AI and Benchmarking Workflow
AI as a performance assistant
- Amadeus describes using AI as a rapid prototyping and benchmarking partner:
- generate experimental code,
- run performance tests,
- inspect Chrome profiler output,
- iterate until benchmarks improve.
- One example: a merge-conflict parser was reduced from about 20ms to 0.5ms after AI-assisted optimization.
Testing methodology
- They rely on:
- mitata for statistical benchmarks,
- Chrome profiler data,
- custom phase markers in code for higher-signal measurement,
- PyAutoResearch / auto-research style loops to repeatedly run scenarios.
- Their key advice:
- measure one thing at a time,
- make the benchmark fast,
- give the model enough data to evaluate its changes accurately.
Practical takeaway
- A lot of their speed gains come from:
- splitting logic into small pure functions,
- focusing on hot paths,
- aggressively testing only what’s visible or necessary,
- letting AI brute-force optimizations after a strong testing harness is in place.
Web Components, SSR, and Framework Interop
Why web components
- They use web components mostly as:
- a shadow DOM boundary,
- a way to avoid style collisions,
- a framework-agnostic integration layer.
- This lets the components work in environments using:
- React,
- Preact,
- Solid,
- Vue,
- or vanilla JS.
SSR and declarative shadow DOM
- A big requirement is SSR support, because the components must render immediately and still hydrate correctly.
- They use declarative shadow DOM to combine SSR with web components.
- They also use slots so apps can inject things like:
- comments between lines,
- custom context menus,
- interactive children rendered by another framework.

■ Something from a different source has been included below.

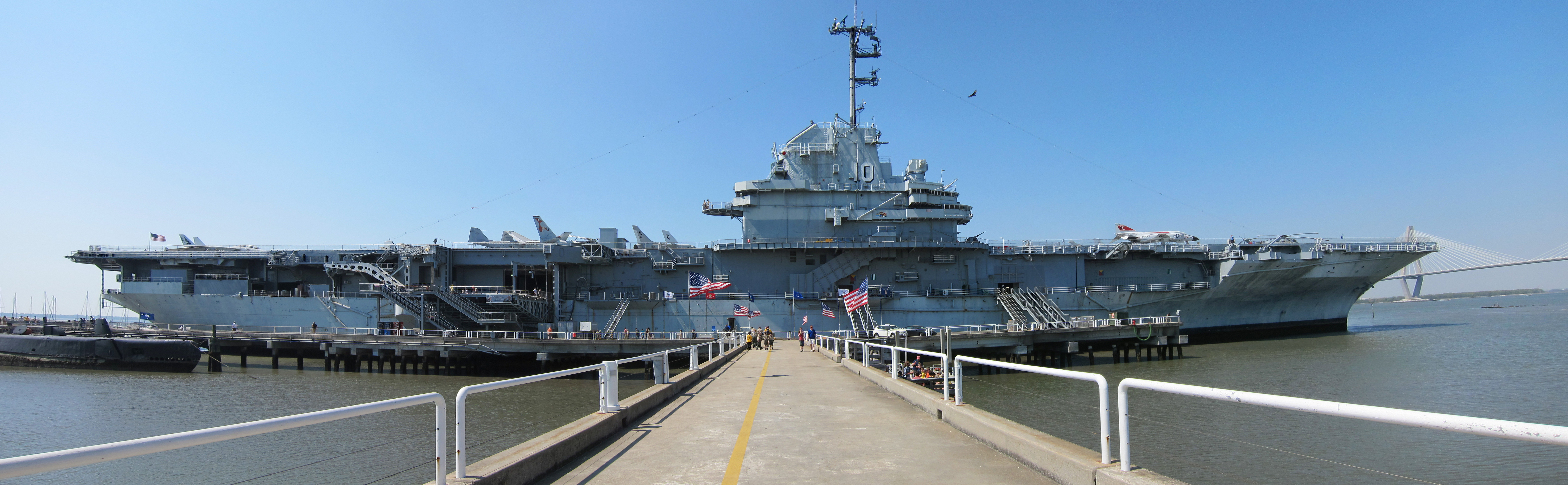 A panoramic image of the USS Yorktown (CVS-10) as she sits at Patriots Point in Mount Pleasant, South Carolina (USA) in March 2011. The stern of the USS Clamagore (SS-343) can be seen in the lower left, while the Arthur Ravenel Jr. Bridge can be seen crossing the Cooper River on the right.

Business Model and Open Source Strategy
How the company makes money
- Code.Storage is the paid B2B product:
- a Git-like backend for AI agents,
- built to handle massive scale,
- an alternative to pushing everything into GitHub when GitHub API limits become a problem.
- The diffs and trees libraries are part of the broader ecosystem:
- open-source primitives,
- helpful for adoption,
- useful for companies that need scalable code-review UI.

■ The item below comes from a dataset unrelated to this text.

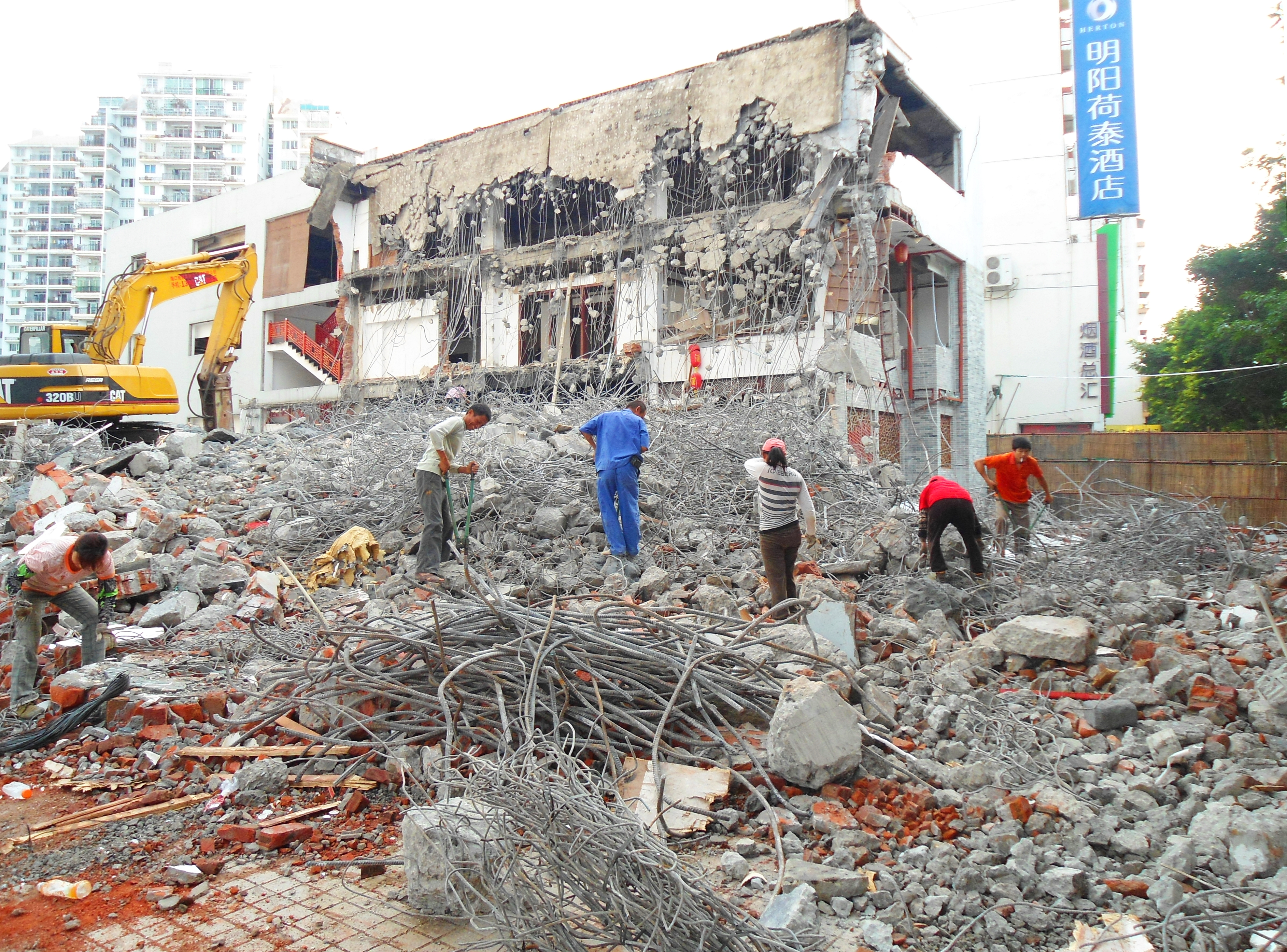 Workers extracting rebar and other metal from concrete rubble at building demolition site, Haikou City, Hainan Province, China.

Why they open source the primitives
- It helps establish trust and utility in the ecosystem.
- Many companies want the same high-quality code review UI, even if they can’t adopt the full Pierre product.
- Open-sourcing the building blocks makes it easier to support more teams and workflows.
What’s Next
Editing is the next big request
- The most common feature request is editing diffs directly.
- Right now there are still partial workflows like accept/deny changes, but full editing is on the roadmap.
- The guests hint that it’s coming, but without a release promise.
Possible future primitives
- They joke about the next obvious primitive being textarea.
- The idea is that once you solve diffs and trees at this level, other foundational editor-like primitives become natural next steps.
Sick Picks
Amadeus’s pick
- A 40% custom ortholinear keyboard.
- He likes:
- home-row-based layers,
- tiny form factor,
- no awkward finger stretches,
- the “perfect grid” feel.
Alex’s pick
- A Flip Dot display project he’s building for wall art.
- It’s a DIY microcontroller-driven display with magnetic flip dots, and he’s still finishing the physical setup.
Key Takeaways
- Modern AI coding workflows need new primitives, not just better apps.
- Rendering huge code views is less about “making React faster” and more about rethinking browser rendering from first principles.
- Virtualization, estimation, caching, workers, and SSR-aware web components are the core tools behind these fast experiences.
- Their approach is a good example of building deep infrastructure for a specific, hard problem instead of layering more abstraction on top.